Sera-t-elle, elle aussi, protégée contre l’invasion économique des pays de « dumping » ?
Sans doute, le traité prévoit, après quinze ans au maximum, une politique économique commune. L’Europe
aura sa propre frontière douanière.
Mais que seront ces droits de « péage » nouveaux ? Le traité répond : la moyenne arithmétique des tarifs au
jour de l’entrée en vigueur du traité. Et, encore, ce n’est là qu’un plafond.
L’Europe, d’autre part, devra accorder sa législation douanière aux règles du G.A.T.T., qui interdisent les
« cartels protectionnistes ». C’est dire que, sur ce terrain, on rencontrera les Etats-Unis et les pays
producteurs à coût très bas, le Japon par exemple.
Comment empêcher, à cette époque – et quinze ans représentent bien peu de chose dans la vie d’une nation
et encore moins d’un continent comme l’Europe – que nous ne soyons submergés par les produits agricoles
et industriels américains ou japonais ?
Il faudra y penser. Et avant la ratification. Toutes études doivent être entreprises, tous apaisements obtenus
pour que le marché commun, dont nous approuvons le principe, n’aboutisse pas à l’étouffement économique
de la France et de l’Europe.
Quant à l’Euratom, il réserve, c’est exact, tous les droits « nationaux », donc ceux de la France.
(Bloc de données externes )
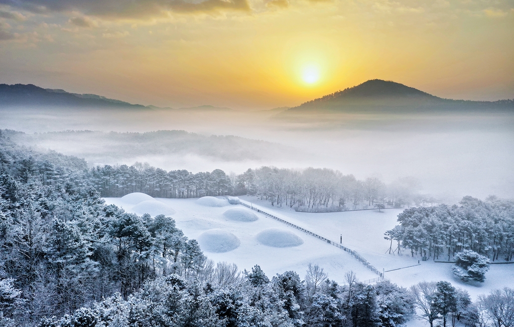 (서울=연합뉴스) 박상현 기자 = ▲ 국립부여문화재연구소는 무령왕릉 발굴 50주년을 기념해 진행한 백제 왕릉 사진 공모전 대상 수상작으로 이국한 씨가 눈 쌓인 부여 왕릉원 위로 솟은 태양을 촬영한 '일출'을 선정했다.

Notre pays
pourra, s’il l’entend, fabriquer des engins nucléaires. Mais est-il certain que l’égalité des droits sera toujours
respectée ? Déjà, nos alliés américains, qui en sont toujours à nous promettre 40 kilos d’uranium enrichi,
viennent d’en remettre 1.500 à nos partenaires allemands.
La France reste la championne de l’Europe. Mais elle n’entend pas que cette Europe l’écrase.